Türkiye, tarihinde ilk kez kurbanlık hayvan ithal etti. Vizyon sahibi arkadaşlar sayesinde tarım ülkesi Türkiye, saman ithal etti. 2008 ' de kasaplık canlı hayvan ve et ithalatı sıfırdı. Tarıma vizyon kazandıran bakanlık üst düzey yöneticileri sayesinde 3 yılda 3 milyar dolar canlı hayvan ve et ithalatı yapıldı.

Tarım Vizyonu ' nda yer almayan bir ilk daha gerçekleşti. Türkiye tarihinde ilk kez bir bakan, Gıda,Tarım ve Hayvancılık Bakanı Mehdi Eker, Fransız şövalyesi oldu. Tarımdaki başarılı ve vizyoner çalışmaları ile Fransa tarafından şövalyelik nişanı ile ödüllendirildi.'
Yakın zamanda, Gıda,Tarım ve Hayvancılık Bakanlığı 2013-2017 Strateji Belgesi ' ni kamuoyuna açıklayacak. Muhtemelen yine çok iddialı hedefler yer alacak.

Kağıt üzerinde hedefleri belirlemek, vizyon sahibi olmak önemli. Ancak, daha da önemli olan o hedefleri gerçekleştirmek. Türkiye ' de yapılamayan bu.

Her fırsatta dile getirdiğimiz gibi Amerika ' da 5 yıllık, Avrupa ' da 7 yıllık tarım politikası belirlenerek kamuoyuna açıklanır. Bu ülkelerde olduğu gibi Türkiye ' de de tarım politikası en az 5 yıllık dönemler itibariyle belirlenip uygulanmalı. Ama hayali hedefler değil. Tarımsal destekleme bütçesi ve ana ilkeler 5 yıllık açıklanmalı. Çiftçi şimdiden 2017 ' ye kadar hangi ürüne ne kadar destek verileceğini bilmeli. Asıl vizyon budur.'

Yılbaşında yazdıklarımız 2013-2017 Stratejik Plan için de aynen geçerli. Tarımın gerçekleri, gelecek 5 yıllık destekleme bütçesi ve daha birçok önemli, konu bu belgede yok.

Diyeceksiniz ki o zaman niye bu belgeyi haber yaptınız, hem de manşetten verdiniz?
Bu haber DÜNYA Gazetesi ' nin gazetecilik anlayışını ve yayın ilkelerini anlatan en somut örneklerden birisidir.
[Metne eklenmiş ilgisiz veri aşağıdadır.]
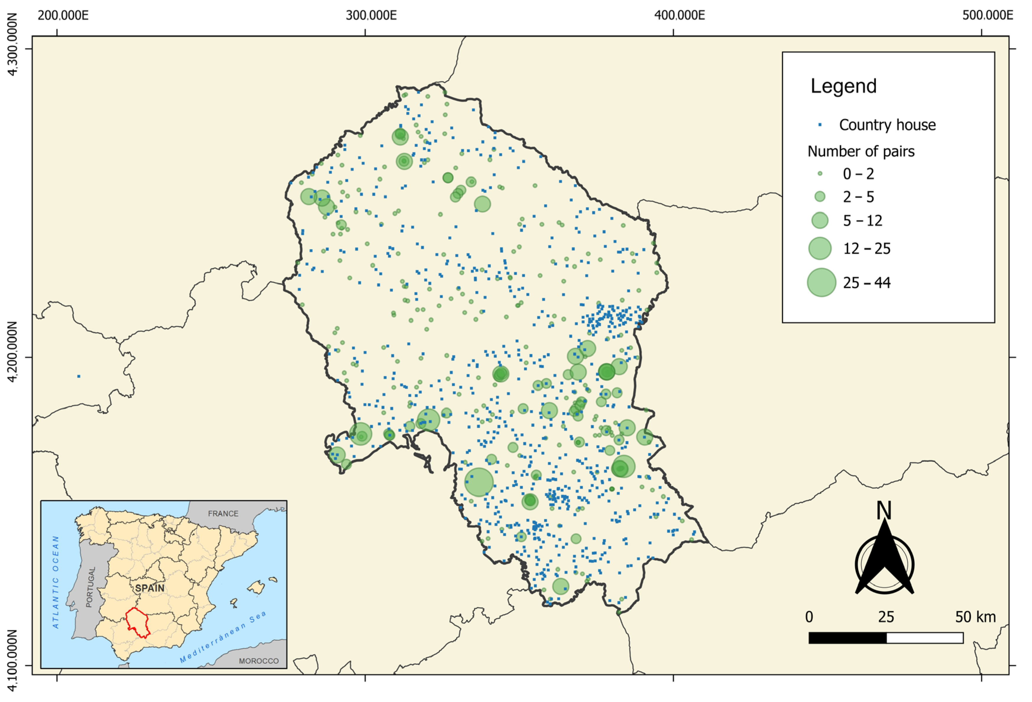 | Anthropogenic | Distance to the nearest country house 1 | |
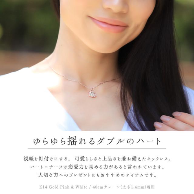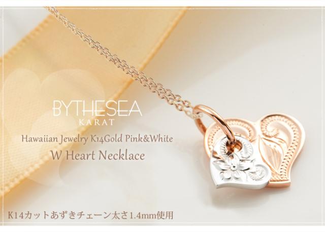 ゴールド ネックレス ハワイアンジュエリー ネックレス 刻印 無料 誕生石入れ可 Wハート 14K K14ピンク&ホワイトゴールド カットあずきチェーン太1.4mm ギフトラッピング可能 彼女 妻 女性 レディース プレゼント ホワイトデー 卒業式 入学式 【品番:CG-GP101PW-CH1020】

Geçen hafta 132 sayfalık bu belgeyi en ince ayrıntısına kadar inceleyerek haber yaptık. Çünkü bakanlığın 3 yılda hazırladığı bu belgenin haber değeri var.

Bugün Türkiye ' de yaygın medyada artık pek uygulanmayan ama DÜNYA Gazetesi ' nin titizlikle uyguladığı tarafsız habercilik ilkesi doğrultusunda hareket ettik. Bu haber medyada ilk kez DÜNYA Gazetesi ' nde yayımlandı. Haberi yorumsuz ve tarafsız olarak verdik. Yorumumuzu ise bu yazıya bıraktık. Haberle yorumu karıştırmadık. Şimdi, haberi haber olarak bu yazıyı da yorum olarak okuyan okur kendisi karar verecek.